Dry Cleaning are releasing their third album Secret Love this Friday, but today they’ve dropped what feels like its emotional thesis statement: ‘Joy’, the fourth and final single, following ‘Hit My Head All Day’, ‘Cruise Ship Designer’ and ‘Let Me Grow and You’ll See The Fruit’.
‘Joy’ cuts in with spiky, layered guitar from our post-punk past, all sharp edges and nervous momentum. Floating above it is Florence Shaw’s famously nonchalant vocal. That friction — anxious guitar versus deadpan delivery — is where the song really lives, generating a low-level tension that never quite resolves.
Lyrically, the track was initially pieced together from adverts found in Virginia Tech University’s History of Food and Drink archive, but ‘Joy’ lands less as collage and more as a strangely sincere pep talk for bleak times. It closes Secret Love with a line that feels disarmingly earnest in 2025: “Don’t give up on being sweet.”
“Recently I’ve felt pessimistic about the world. The influence of what they call “the manosphere”, the genocide against Palestinians continuing despite huge protests, the rise of the racist Reform party in the UK, the promotion of AI in art and music. I wanted to try and stoke my drive to stay positive and spread softness and compassion. The wishes in the song have a naive quality.” – Florence Shaw
The BULLYACHE-choreographed visualiser starring guitarist Tom Dowse mirrors that same stripped-back sincerity. It’s cheap, simple and refreshingly unpolished — no narrative, no art-school fog — just Dowse dancing like he means it. The joy comes from the relish in the movement itself, turning awkwardness into something expressive, human and oddly moving.
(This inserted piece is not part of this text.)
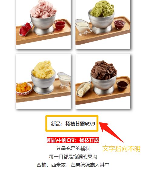 同樣的問題,在第一部分的內(nèi)容中,每一個(gè)新品都只進(jìn)行了簡(jiǎn)單的加粗處理,那么這到底是圖片的注釋呢還是新品的名字?我相信有很多小伙伴和我一樣分不清這些文字到底指向的是哪一部分的內(nèi)容。

Dowse from Dry Cleaning explains:
“We were looking to get away from the longer form, narrative and impressionistic confines of a typical music video and give ourselves, friends and fans a way to respond to the music in a more expressive way that feels personal.
We’ve seen the vastly different ways people behave at our shows – pogoing singalongs, full wig-outs, lone figures inhabiting the sound in their own private universe. With that in mind, we asked Bullyache to design a set of moves to each song on Secret Love as a starting point for ourselves and others to mimic or interpret them in a fun and idiosyncratic way, regardless of technical ability.”
In a cultural moment obsessed with optimisation, irony and machine-made everything, ‘Joy’ feels almost confrontational in its softness — a post-punk song that dares to suggest that staying kind is still a radical act.
Check out ‘Joy’ now. Secret Love is out this Friday, 9 January.